- Sami-ul-Haq (right) with Uzair Gul Peshawari

Personal life
- Born: 1886 Ziarat Kaka Sahib, British India (present-day Pakistan)
- Died: 17 November 1989 (aged 102–103) Peshawar, NWFP, Pakistan
- Education: Darul Uloom Deoband
- Known for: Silk Letter Movement

Religious life
- Religion: Islam

Muslim leader
- Disciple of: Mahmud Hasan Deobandi

= Uzair Gul Peshawari =

Pakistani Islamic scholar and activist (1886–1989)

Uzair Gul Peshawari (1886 – 17 November 1989) was an Islamic scholar and an activist of the Indian freedom struggle against British rule who actively participated in the Silk Letter Movement. He was an alumnus of the Darul Uloom Deoband and served as the head-teacher of Madrasa Rahmania in Roorkee.

==Biography==
Gul hailed from Ziarat Kaka Sahib, a town located in Peshawar. He completed his primary studies with local teachers and moved to Darul Uloom Deoband, where he studied with Mahmud Hasan Deobandi.

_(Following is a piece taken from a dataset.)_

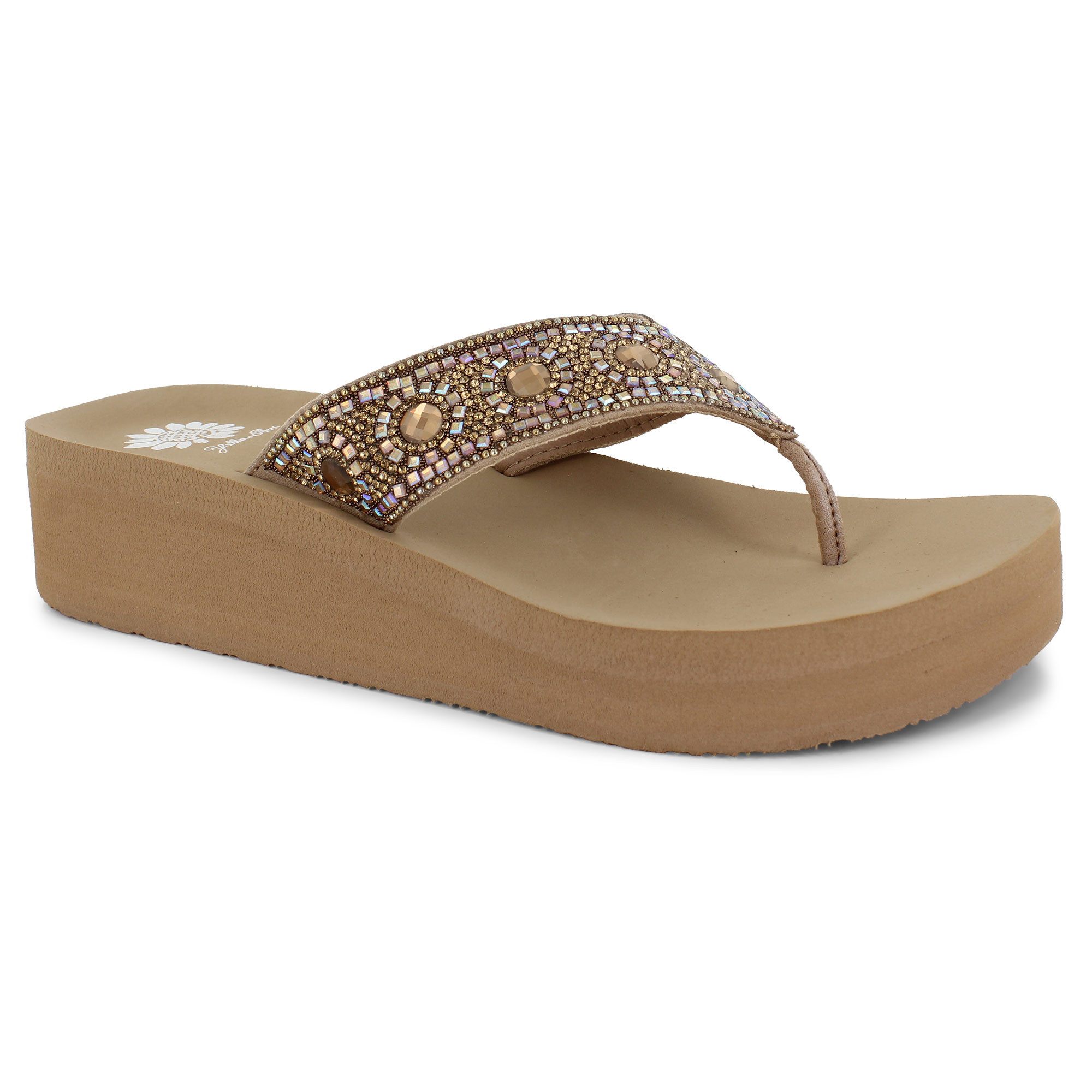 Add a touch of Glam to your step in the Yellow Box Bertila sandal. This thong sandal's strap is adorned in dazzling rhinestones arranged in a glamorous pattern. With a bit of lift, you and your look will be elevated. Perfect for adding a touch of sparkle to your casual looks.

He graduated from Darul Uloom in 1331 A.H. During Khilafat Movement, Gul was made the president of Khilafat Committee in Deoband. He was a close companion of Mahmud Hasan Deobandi and was imprisoned along with him in Malta for his role in the Silk Letter Movement.

He served as a teacher at Darul Uloom Deoband and before World War II, he was appointed as a head-teacher in Madrasa Rahmania in Roorkee.

In 1945, Gul moved to his native place in Peshawar along with his English wife Beatrice Cooke.

Gul died on 17 November 1989.

==Family==
Gul's first wife was a daughter of Mahmud Hasan Deobandi's niece. During his stay at Roorkee, he married a new Muslim English woman named Beatrice Cooke. Gul's second wife Cooke also wrote an English translation of Quran which remains unpublished.

==Legacy==
- At University of Peshawar, Murad Ali Shah wrote a Master of Arts thesis entitled Mawlāna Uzair Gul-The Prisoner of Malta.
- At University of Islamabad, Farzana Nisar wrote a Master of Philosophy thesis entitled Mawlāna Uzair Gul (Aseer-i-Malta): His Life and Achievements.